But it can become one of the layers that decides whether the visible layer scales.

This is the pattern I think repeats across AI infrastructure.

The market first finds the named product.

Then the constraint moves into the process layer underneath it.

CPO is another example: not optics alone, but a manufacturing window

CPO is often framed as optics moving closer to the switch ASIC because copper is running out of room.

That framing is directionally right.

But it is incomplete.

The harder question is whether the manufacturing window survives.

SiN waveguide loss is not just an optical-design problem.

It depends on deposition, film quality, sidewall roughness, top-surface roughness, CMP, annealing, and wafer-scale variation.

Cu-Cu hybrid bonding is not just a packaging slogan.

It depends on BEOL copper, Cu recess control, surface oxidation, void suppression, bonding yield, and interface reliability.

Ge photodetector dark current is not just a detector-spec problem.

It depends on epitaxy, implant damage, threading dislocations, anneal history, and BEOL thermal budget.

Each module may look mature by itself.

The difficulty appears when all of them have to coexist inside one manufacturable package.

That is why I think CPO should not be analysed only as:

Who has optical exposure?

The better question is:

Who controls the process window that the optical story depends on?

This is the difference between product exposure and process-control exposure.

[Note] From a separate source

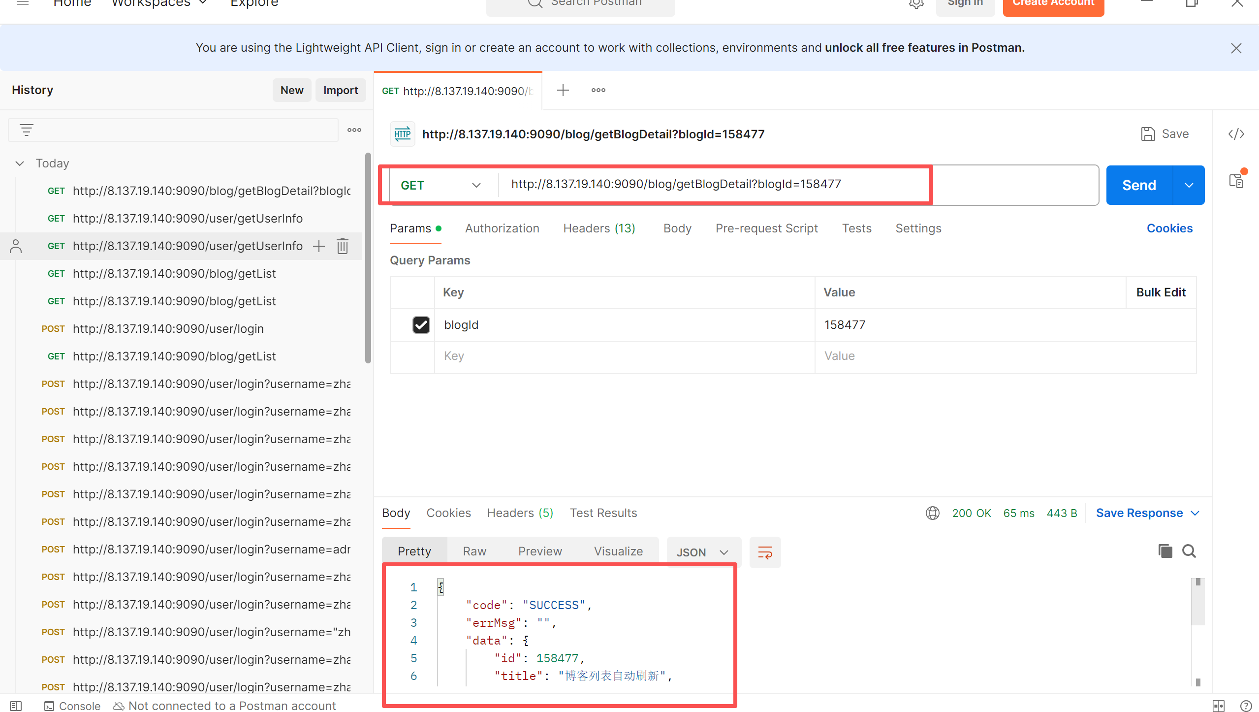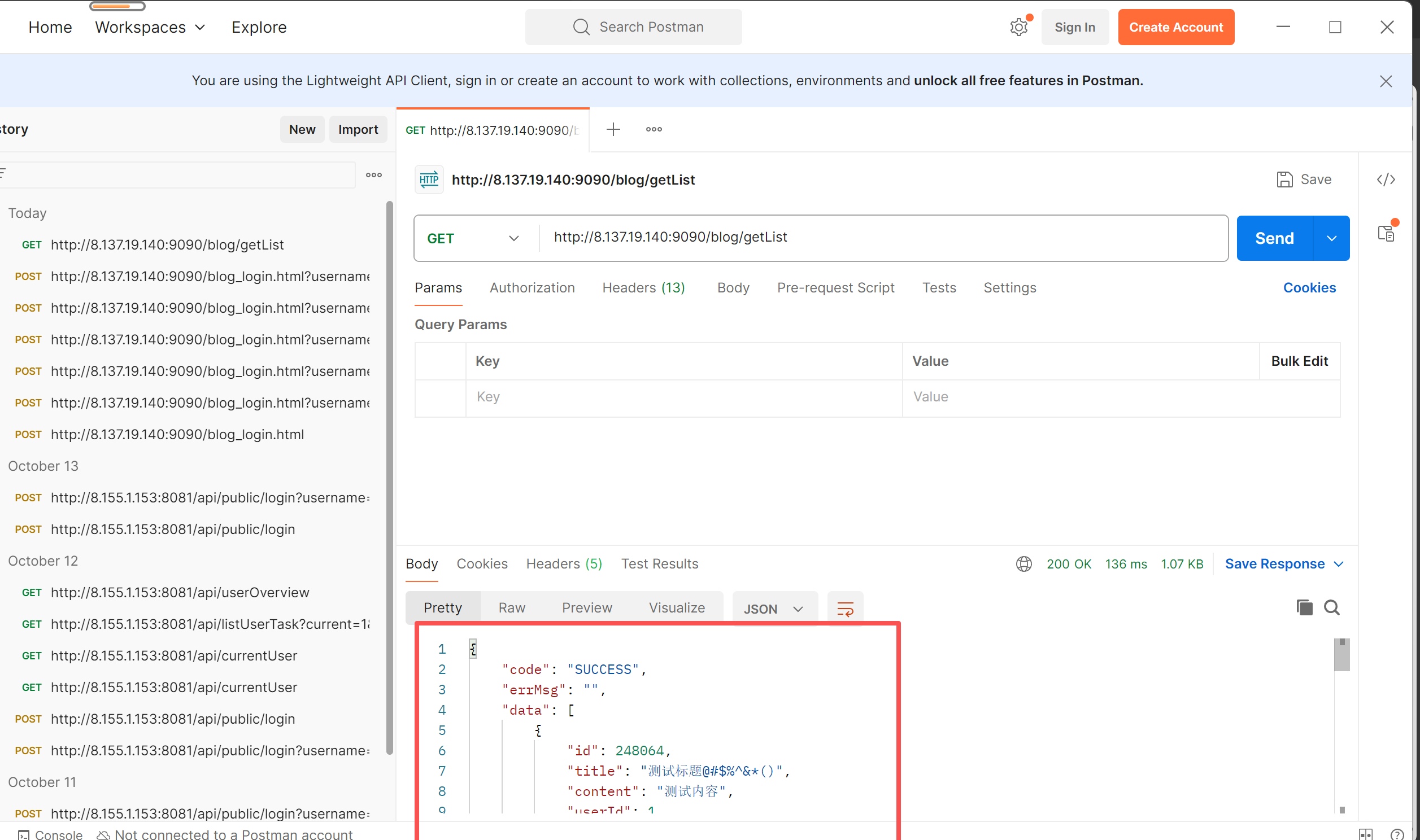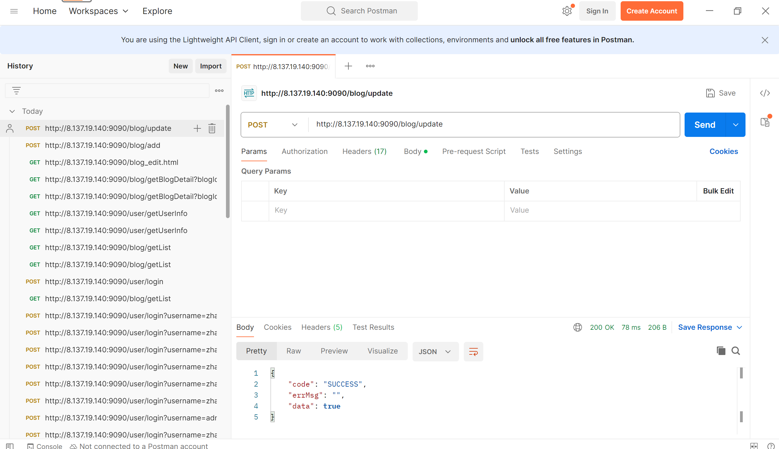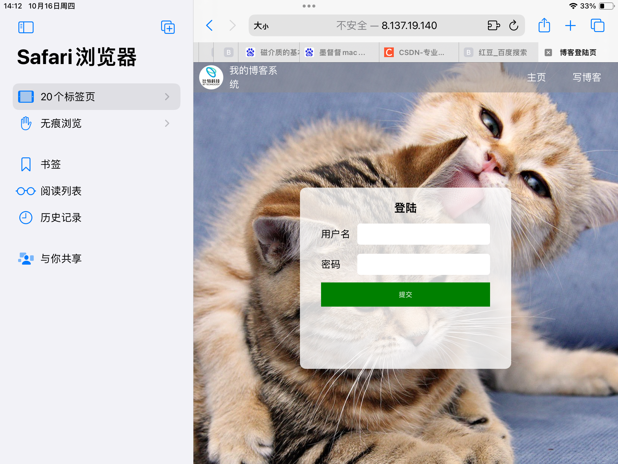 风险点:登录请求中密码以明文形式(123456)在网络中传输,若被攻击者通过抓包工具(如浏览器开发者工具、Wireshark等)拦截,可直接获取用户账号密码,进而非法登录系统、篡改用户博客数据,甚至可能通过该账号信息横向攻击用户其他关联平台(如用户复用密码的情况)。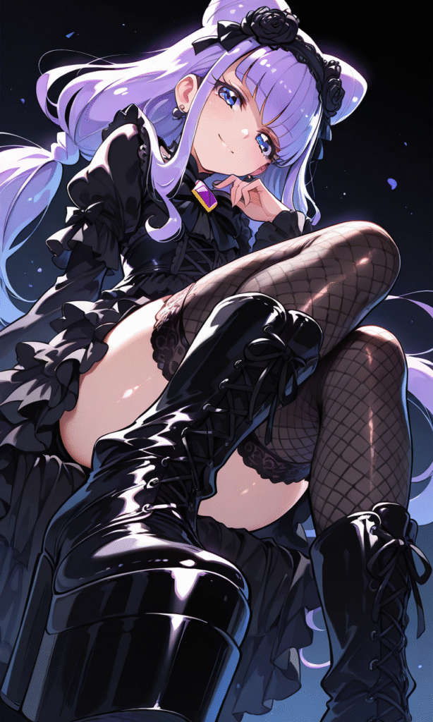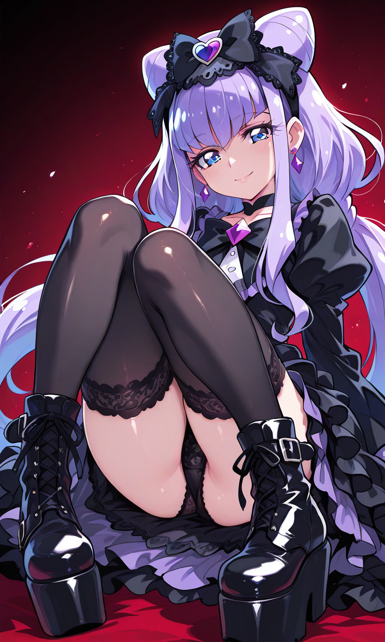 PixAI【Shiitake-Mix】ruru amour(precure), smile,gothic lolita,platform boots,black lace thighhighs,panty shot,black lace panties, masterpiece,high quality,shiny skin, shiny,tokiame

Product exposure tells you who is near the narrative.

Process-control exposure tells you who may control the yield.

3. Infrastructure exposure: the slow clock

The third category is infrastructure exposure.

This is the slowest and often the most misunderstood.

AI data centres do not scale only by ordering more chips.

They require power, land, grid connection, substations, transformers, cooling systems, construction labour, water or liquid-cooling infrastructure, permits, and operational reliability.

Some of these constraints move on a semiconductor clock.

Many do not.

A chip roadmap may move in quarters.

A packaging capacity expansion may move in years.

A grid interconnection, substation buildout, transformer procurement cycle, or site-level power upgrade may move on an even slower clock.

This matters because AI infrastructure is increasingly a power-delivery and heat-removal problem.

The bottleneck does not always remain inside the chip.

It can migrate outward.

From GPU allocation to advanced packaging.

From advanced packaging to substrates.

From substrates to networking.

From networking to cooling.

From cooling to power delivery.

From power delivery to grid connection.

At each stage, the market looks for a new product category.

But the real question is again:

Which constraint layer is hardest to expand?

That is where the value may concentrate.

Cooling is not just a product category

Liquid cooling is another example where the first-order market narrative can be too simple.

The product story is easy.

Higher rack power creates more heat.

More heat requires liquid cooling.

Therefore, cooling suppliers benefit.

That is directionally right.

But it is not enough.

The harder questions are operational.

How reliable are the connectors?

How is leakage detected?

How is field service handled?

Who owns maintenance risk?

How does the cooling loop behave under partial load, failure, or maintenance?

How does the cooling architecture interact with facility design, rack layout, power density, and customer qualification?

A cold plate or CDU can be a product.

A deployed liquid-cooling system is an operating environment.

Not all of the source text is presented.